Всю неделю она бегает по соседкам, что-то носит, раздобывает, и глядишь - на праздник или в первый воскресный день опять зовут молодых. Идет Павел Миронович в своем черном форменном костюме; идет Марья в поневе, но без кичек. Следом бегут дети: важный, замкнутый подросток Витька, их первенец, и разряженные, с косичками девочки, очень похожие на Марью.
Выпив, Павел Миронович расстегивает пуговицы кителя и говорит:
- Ну как, споем, что ли, Ильинична?
Мать подсаживается поближе к зятю. Тот откашливается и затягивает своим высоким, красивым голосом:
Уж ты сад, ты мой сад…
Мать подтягивает ему чуть слышно. Что-то не поется матери. Голос уже не тот…
II
Работая в школе, как-то не замечаешь того, что год от года стареешь. Это потому, что с ребятами все время. Иногда смотришь на озорников, и, позабыв свои годы, самому хочется созорничать. Ей-ей, не вру!
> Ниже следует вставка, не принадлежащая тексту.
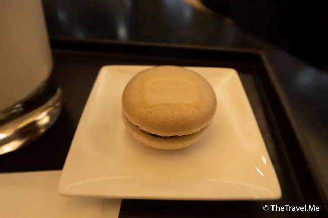 隨奶昔附贈紅豆馬卡龍,一紅一綠,絕配。

Но что еще более удивительно - не всегда замечаешь и то, как вырастают твои ученики. Как-нибудь выйдешь на улицу - навстречу тебе свадьба. Чубатый парень рвет мехи гармоники; подвыпившие бабы, размахивая белыми платочками, отстукивают "дроби".
За гармонистом чинно идут молодые: жених в черном, невеста в белом. Следом за ними движется толпа зевак. Спросишь, чья, мол, свадьба-то? "Свету Коноплину, - скажут, - за Назарку просватали…" - "Ах, да - Света!" - узнаешь ты невесту. Узнаешь, всплеснешь руками от удивления - и все.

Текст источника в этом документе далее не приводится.